====== Input records
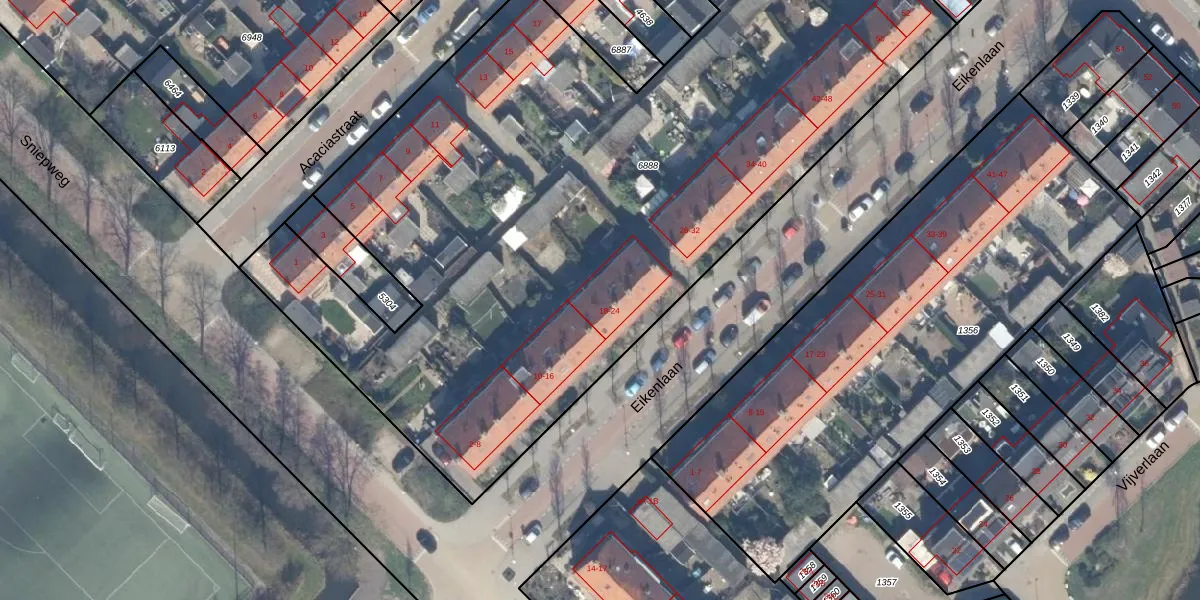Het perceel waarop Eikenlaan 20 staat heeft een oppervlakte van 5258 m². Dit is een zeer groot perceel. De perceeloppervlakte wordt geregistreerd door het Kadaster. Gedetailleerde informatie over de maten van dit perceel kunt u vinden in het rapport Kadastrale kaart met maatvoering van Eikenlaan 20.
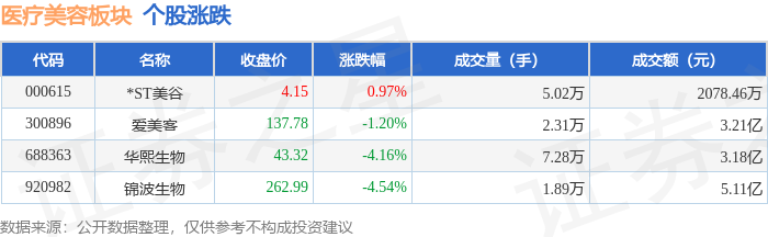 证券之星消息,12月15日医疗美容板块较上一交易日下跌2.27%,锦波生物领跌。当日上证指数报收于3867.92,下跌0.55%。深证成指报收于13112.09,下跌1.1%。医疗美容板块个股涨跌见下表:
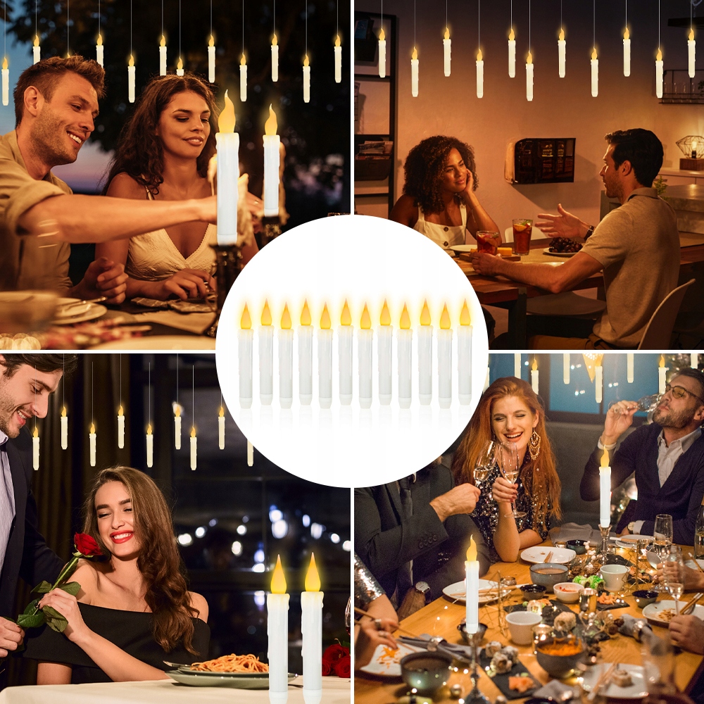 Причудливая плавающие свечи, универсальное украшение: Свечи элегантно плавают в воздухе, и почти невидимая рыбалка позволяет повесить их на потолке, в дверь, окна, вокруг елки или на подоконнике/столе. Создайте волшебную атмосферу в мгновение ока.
============
====== Input records
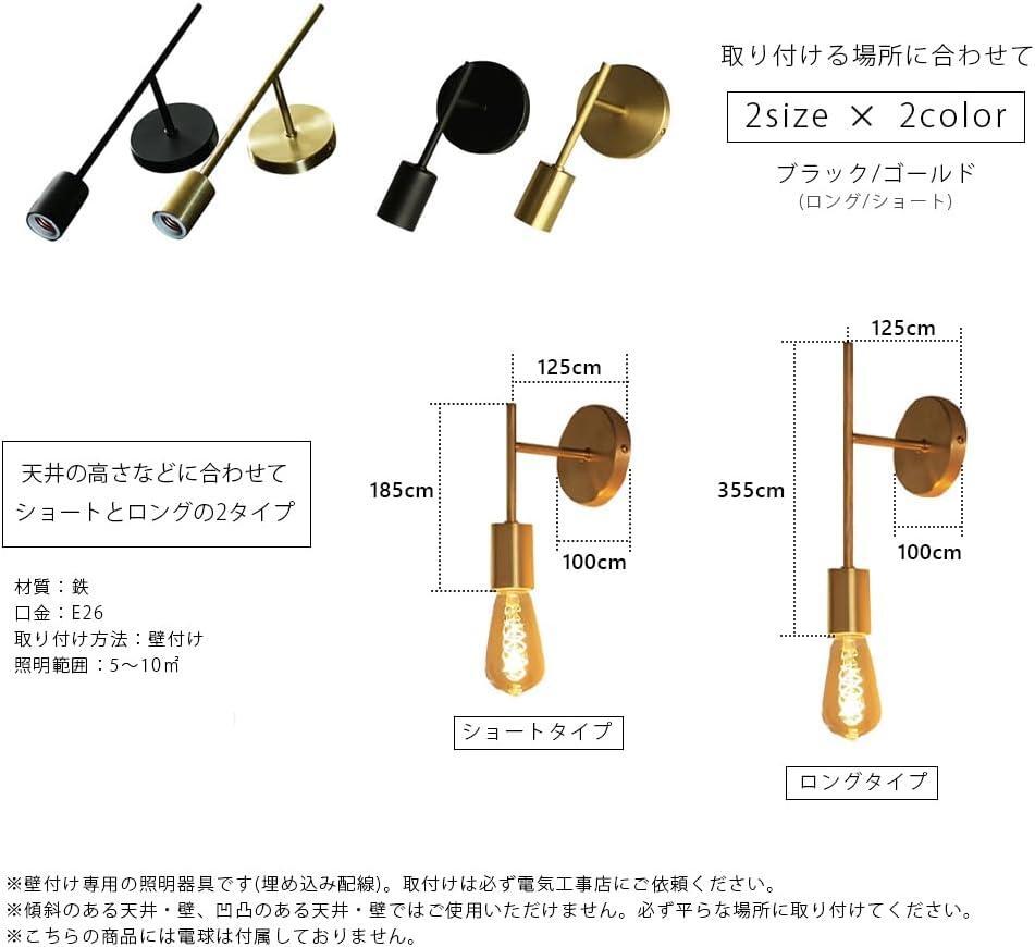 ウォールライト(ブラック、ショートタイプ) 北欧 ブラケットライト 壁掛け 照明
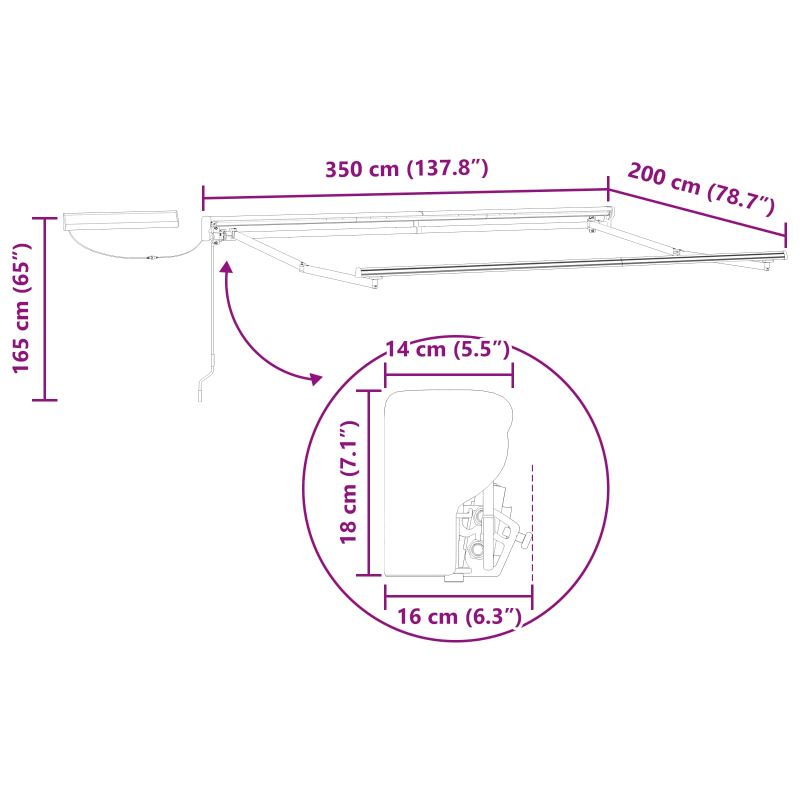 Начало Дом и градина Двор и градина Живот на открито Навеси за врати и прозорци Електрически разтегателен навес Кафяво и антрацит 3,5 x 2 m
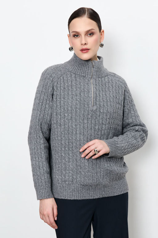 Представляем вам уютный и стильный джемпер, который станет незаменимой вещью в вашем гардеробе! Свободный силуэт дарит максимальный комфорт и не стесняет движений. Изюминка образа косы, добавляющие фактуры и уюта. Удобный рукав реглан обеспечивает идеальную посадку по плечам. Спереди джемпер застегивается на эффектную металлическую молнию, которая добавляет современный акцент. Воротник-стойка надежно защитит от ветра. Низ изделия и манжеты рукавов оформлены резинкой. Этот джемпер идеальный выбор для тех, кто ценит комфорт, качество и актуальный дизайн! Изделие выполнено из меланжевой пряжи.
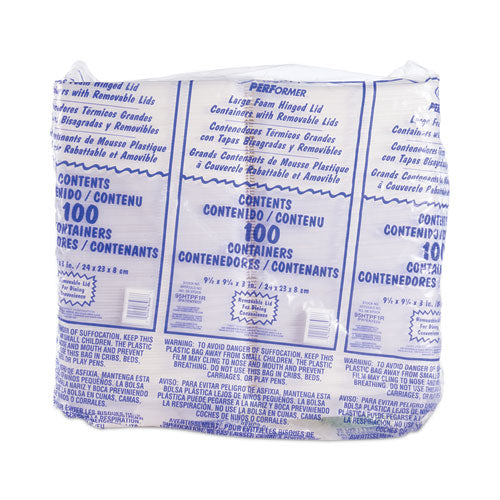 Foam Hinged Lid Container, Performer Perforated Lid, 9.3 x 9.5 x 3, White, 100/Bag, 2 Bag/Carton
============
§ **Your instructions**
Extract the part of the records that opens with the line containing "Het perceel waarop" and closes with the line containing "Причудливая плавающие свечи, универсальное". Take only those lines, exactly, and no pictures.

§ **Your solution**
Het perceel waarop Eikenlaan 20 staat heeft een oppervlakte van 5258 m². Dit is een zeer groot perceel. De perceeloppervlakte wordt geregistreerd door het Kadaster. Gedetailleerde informatie over de maten van dit perceel kunt u vinden in het rapport Kadastrale kaart met maatvoering van Eikenlaan 20.
 证券之星消息,12月15日医疗美容板块较上一交易日下跌2.27%,锦波生物领跌。当日上证指数报收于3867.92,下跌0.55%。深证成指报收于13112.09,下跌1.1%。医疗美容板块个股涨跌见下表:
 Причудливая плавающие свечи, универсальное украшение: Свечи элегантно плавают в воздухе, и почти невидимая рыбалка позволяет повесить их на потолке, в дверь, окна, вокруг елки или на подоконнике/столе. Создайте волшебную атмосферу в мгновение ока.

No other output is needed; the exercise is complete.